August 1, 201411 yr Author I've been wondering about this one myself, while waiting for my replacement crank pulley to arrive. Can you put a screw driver or of the like in flywheel through one of the holes? Or can one use a old/slightly used belt to wrap around the pulley clamp some vice grips on to hold it solid? This is one idea that been bouncing around in my head, so I don't know for sure how effective it will be. Yeah I thought about the screwdriver in the flywheel hole but I think it would mar the bell housing. I think it would work if you don't mind a divet in the bell housing.
August 1, 201411 yr Honestly, I've never had problems reaching 100+ ft/lbs by just putting the car in 5th gear with the parking brake set firmly.. EA or EJ. I think the pulley on my wrx is close to 140ftlbs.
August 1, 201411 yr I've used the rope-in-cylinder method many times with great success.
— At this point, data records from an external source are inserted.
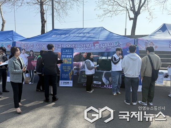홍보부스는 전북대학교 대운동장 일원에 설치돼 오전 10시부터 오후 5시까지 운영한다. 현장에는 전주 하계올림픽' 핵심 메시지를 담은 홍보 영상이 설치돼 유치 비전을 전달하고, 리플릿과 전단 등 홍보물을 배부하고 있다.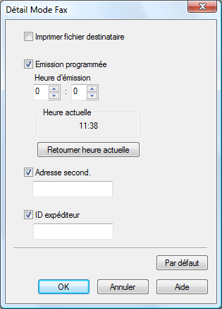 Quand vous cliquez sur [Retourner heure actuelle], l'heure d'horloge actuelle du PC est retournée dans [Heure d'émission].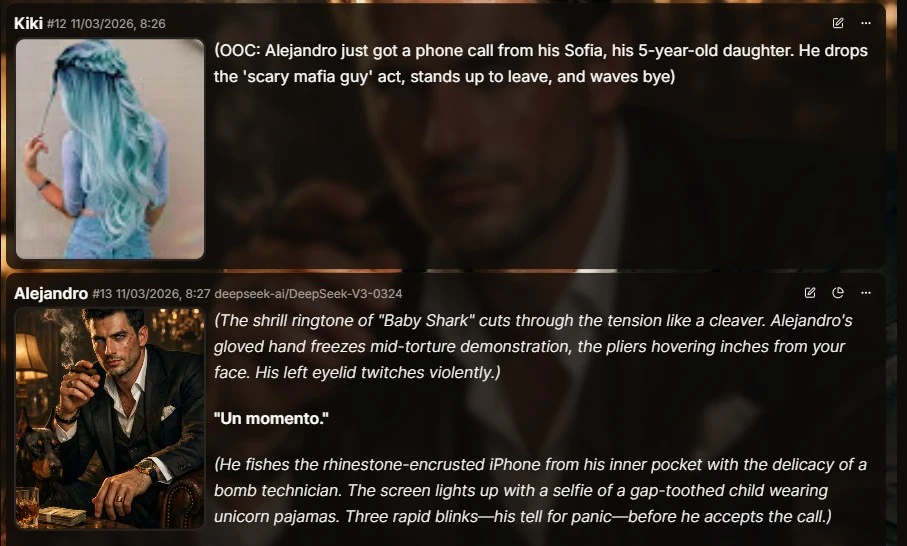 After failing our memory probe test, we decided to test the character’s steerability. So we keyed in this command: "OOC: Alejandro just got a phone call from his five-year-old daughter, Sofia. He drops the 'scary Mafia guy' act, stands up to leave, and waves goodbye.”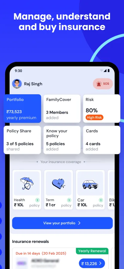 What will you get with the CoverSure App? -A personalised insurance portfolio to easily manage all your insurance policies at one place -FREE review of health insurance, life insurance, motor insurance -Your personalised risk monitor to protect you at all times -Understanding of what’s covered and not covered in your insurance -Vehicle management services...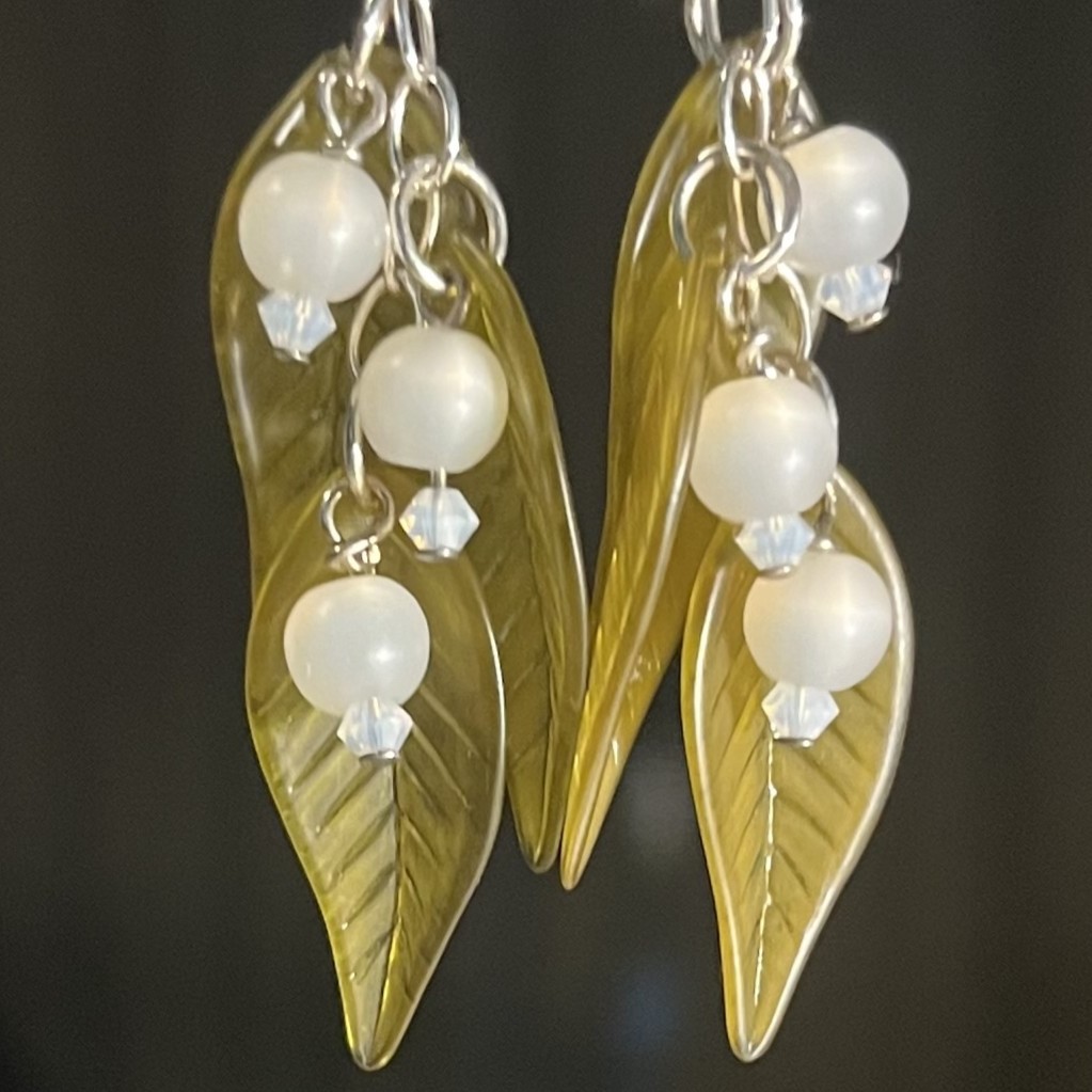 These earrings are made with vintage Lucite leaves and berries. The metal chain and ear wires are sterling silver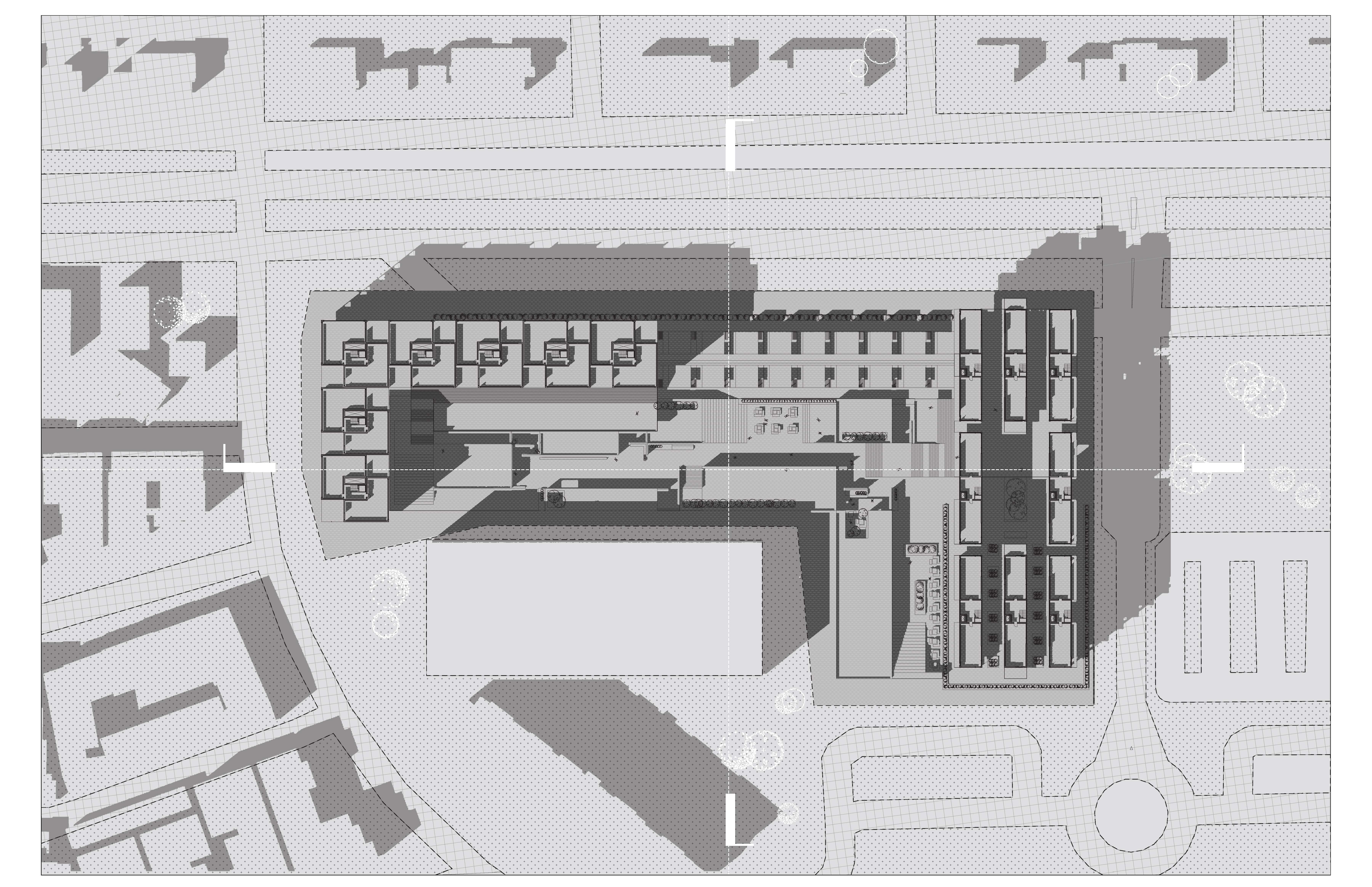 A multi-family Los Angeles residence supplemented by a plaza with a variety of commercial programs.

Many people will freak-out saying this is a bad idea, and it certainly can be, if done poorly. The three main things to make absolutely sure about is the the cylinder you choose is on the compression stroke, use high quality supple climbing rope or cotton rope (the thicker the better), and feed as much of the rope into the cylinder to make sure the cylinder is stopped low-enough (but not so low that any of the valves are open) in the stroke that it doesn't bind the rope at the top of the stroke. I have a dedicated piece of rope for this that is essentially the same size as the spark-plug hole. Do not use cheap, coarse nylon rope, or stiff rope of any kind. Since you have your engine mated to the transmission, I would use the gears and chock your wheels first before using this method. I usually only use this technique for engines that are not installed. Like I said before, I have had people flip-out when I told them I use this method, but I have done more times than I can remember and have never had a problem; however, I am very careful every time I do it. It has it's risks, but if done properly it works great.
August 2, 201411 yr I throw a box wrench on one of the bolts on the flywheel, slowly rotate the engine until the wrench is up against the view hole edge and then lay on the torque. I'm sure I got way past 100 ft/lbs on the crank bolt.